A number of “conservative” parties in the West are beginning to work more overtly with the far right. The Neo Nazi-born parties are donning suits and detoxifying the worst of their rhetoric; in return, they are being accepted as partners in the political process. In Sweden, for example, three conservative parties have formed government by agreeing to work with the party of Neo Nazis to guarantee supply. The quid pro quo entails an array of harsh policies on immigration.

In France the far right has shown itself content to work with the left, to challenge Macron, but also to build a misleading façade of normalcy. These decisions to hide their ugliest faces in pursuit of power is one of the more chilling aspects of the movement.

In other countries, including Australia, the UK and US, our “conservative” parties are not so much cooperating with far-right parties as devouring them. John Howard’s lurch rightward from the 1990s to capture Pauline Hanson’s radicalised supporters was only the beginning of Australia’s “conservative” party’s moral destruction. Australia has, in turn, helped radicalise our anglosphere allies: our brutal policies against asylum seekers have infected our AUKUS partners, helping make their copycat actions shocking to rule of law representatives in those nations.

Victoria’s Liberal Party has presented itself as moderate to suit the electorate but is crippled by the branches gradually being overwhelmed by religious conservatives. Thus its policy platform includes support for conversion therapy, and its leader refuses to condemn candidates with a deeply reactionary mission. It has even preferenced known antisemite far-right candidates in its ethics-free desperation.

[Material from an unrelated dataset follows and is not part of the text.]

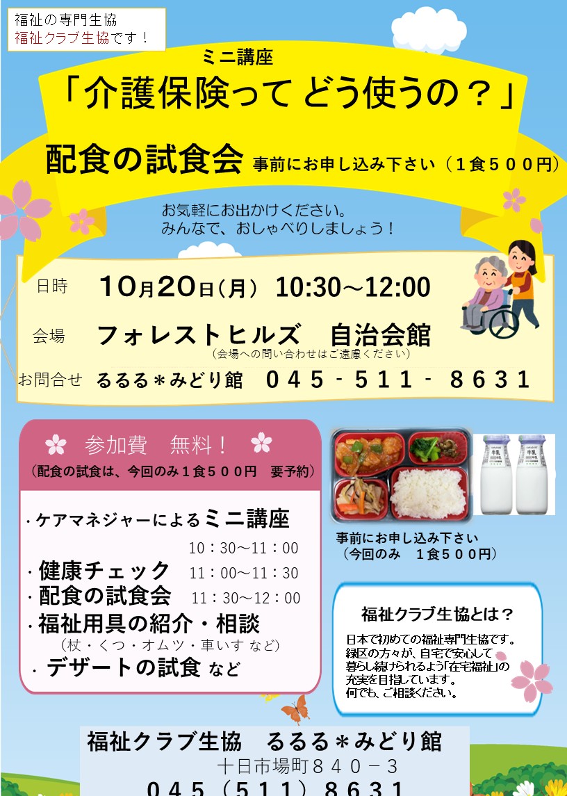 new! 10/20(月)緑区三保町のフォレストヒルズ自治会館にて、

This reflects the American radical right development called the Nat Con movement. The billionaire-funded youth of the Republican Party now parades itself as fighting “the perfidy of the ruling class.” There it parades its bigotries as the defence of the little people.

The right has shown itself adept at co-opting left ideas and banners. The academics’ defining of relativism, which granted that there is no single truth for colonisers that is also the truth for the colonised, has been taken by the right to say that there is no truth.

The far right and the left share discontent with neoliberal orthodoxies. There are uncomfortable sympathies between the “poles” that have emerged over the pandemic. Resentment at government public health policies that they saw as precursors to totalitarianism melded with rampant (and often justified) mistrust of Big Pharma on the left to allow them to see the far right as fellow travellers. In a similar way, some feminists, particularly in the UK, have been co-opted by the far right into the anti-LGBTQI movement. Even Queer women join these attacks on trans existence – depicted as an affront to women – failing to realise that they too will become targets down the road. Thus, the far-right misogynist movement adopts a “feminist” face.

Antisemitic thought is as central to the radicalised right as anti-Muslim thought. Strange alliances are born. Orban’s Hungary has made George Soros a boogieman. This expat Jewish figure’s demonisation illustrates the hollow nature of Orban’s claim not to lead an antisemitic regime. Despite this antisemitism, his shared hatred of Muslims has made him a strong ally for Israel’s Netanyahu.

The Liberal Party, in federal and Victorian elections, chose to play duplicitous games, pitching themselves to the centrist voter as rational. They chose, however, to play also to the conspiracy and religious fringes. This American strand of right-wing politics has been rejected by Australians.

Those of us who hope for a future for our children cannot vote for the current right, infected by international strains of bigotry and deceptive authoritarianism as it stands. The centre right must evaluate what it has to offer, rather than cowering under the threatening might of its extreme partners.